Meet Austin Putz, a fresh, new voice of the pork industry who combines innovative thought and work ethic with scientific savvy and a passion to make a difference.
Hometown: Lacona, Iowa
Education: bachelor’s degree in animal science, Iowa State University; master’s degree in animal science with a focus on animal breeding and genetics, North Carolina State University; currently finishing doctorate in animal breeding and genetics, Iowa State University
Q. What is your background in the swine industry?
A. My passion for the swine industry started at a young age with our small, 10-sow operation. After a short break, we started raising showpigs when I was in junior high. We bought semen from Cain Super Sires in nearby Chariton. In college, Dr. Tom Baas encouraged me to pursue an advanced degree and take the upper level swine class with Dr. Ken Stalder.
Q. Tell us about your internship experiences.

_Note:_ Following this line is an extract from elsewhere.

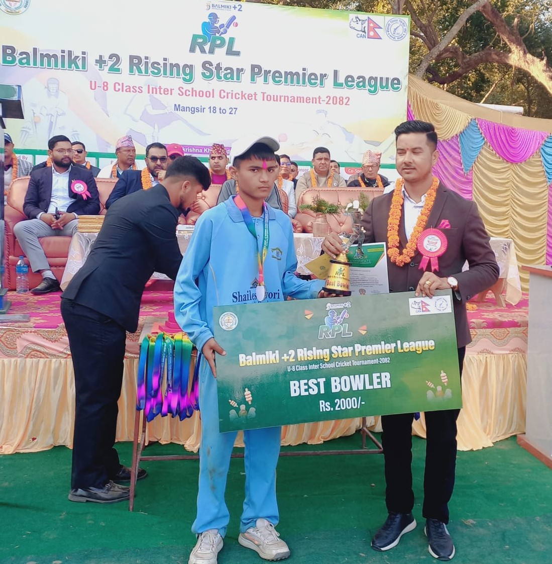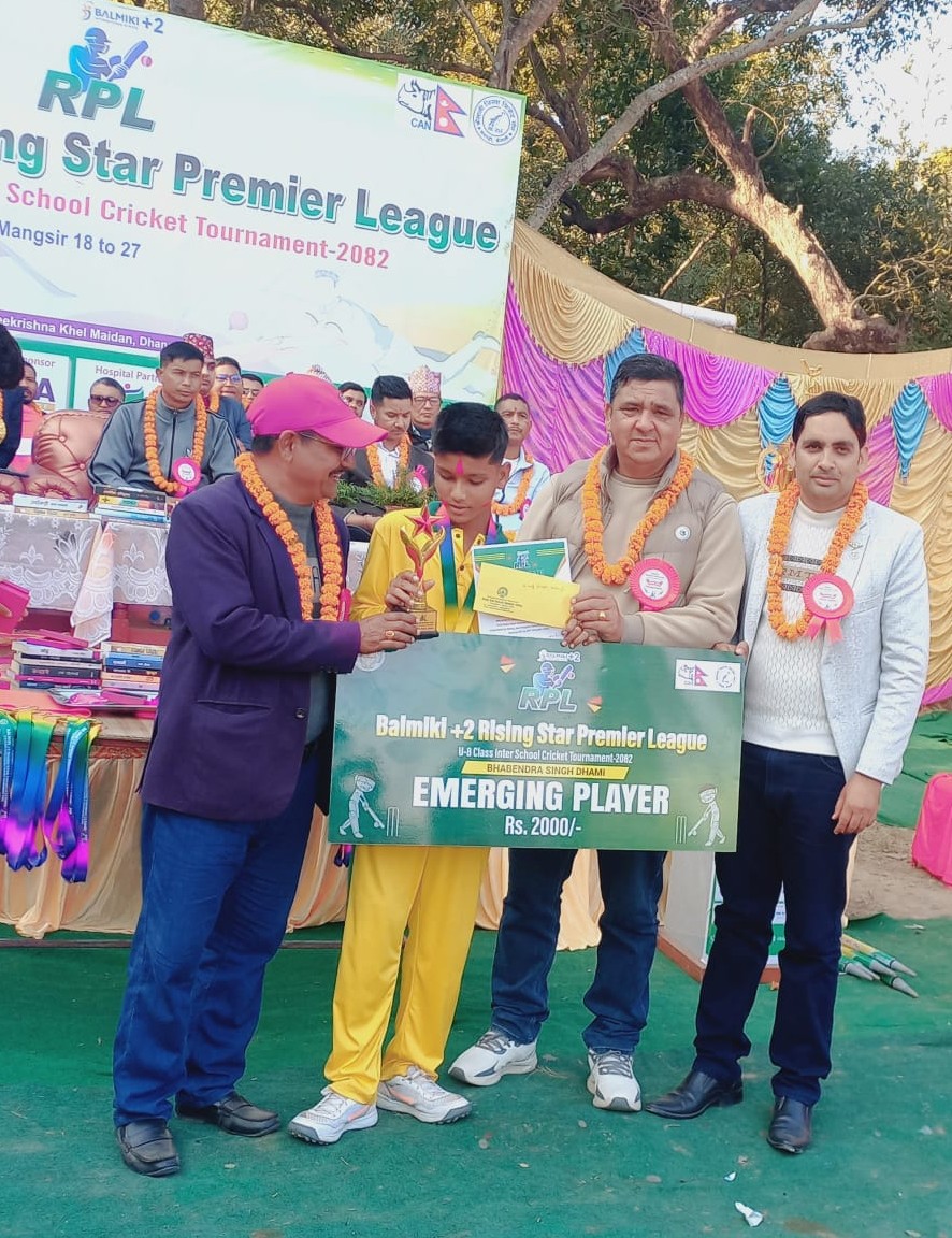 प्रतियोगिताका उत्कृष्ट खेलाडीको पुरस्कार स्टेपिङ स्टोनका बिकास धामीले, प्रतियोगिताका इमर्जिङ खेलाडीको पुरस्कार राइजिङ स्टारका अविनाश भट्टराईले, प्रतियोगिताका उत्कृष्ट ब्याट्सम्यानको पुरस्कार विद्याभुषणका विज्ञान बोहराले, उत्कृष्टको बलरको पुरस्कार स्टेपिङ स्टोनका निर्मल बोगटीले प्राप्त गरेका छन् ।

A. I interned with a 6,000-sow multiplier farm for Fast Genetics in Cando, N.D. Although I knew about raising pigs and had studied swine in college, I knew nothing about large-scale commercial production challenges and opportunities. My second internship was with Smithfield Premium Genetics in Rose Hill, N.C. I started my master’s research on a litter size project and helped with other projects. I worked in the packing plant many Fridays and helped with a growth curve study that continued into the fall. My final internship was at The Maschhoffs in Carlyle, Ill., where I learned about the management side of the swine business.
Q. Did you take part in undergraduate research?
A. I completed an undergraduate research project with Dr. James Reecy at Iowa State. I collected data at the local beef farms with Dr. Richard Tait and assisted with lab assays. I then worked for Dr. Chris Tuggle in molecular genetics genotyping a putative causal mutation for PRRS resistance along with a mutation close by that was linked to this causal mutation. My second project was preparing samples from the residual feed intake line at ISU for RNA sequencing to find RNA transcripts associated with more feed-efficient pigs.
Q. What other learning opportunities have you been involved in?
A. I was involved in 4-H and enjoyed going to meetings and being around other local kids who enjoyed raising animals. My job requires a lot of computer work and data analysis as a geneticist, however I always enjoy getting out to farms and helping collect data or learn from farmers. Most data analysists and geneticists get too far away from raising pigs.
Q. Tell us about your current research.
A. I am studying disease resistance in pigs with a group of professors and industry leaders from the main Canadian swine breeding companies who joined together to create a collaboration between industry and academia called PigGen Canada. In our disease resistance trials, barrows from a clean multiplier are sent through a highly diseased barn that naturally infects new pigs from older ones in a continuous flow system. My research focuses on the ability to quantify the level of disease resistance in each pig by using individual daily feed intake over time. I have developed novel traits to quantify disease resistance.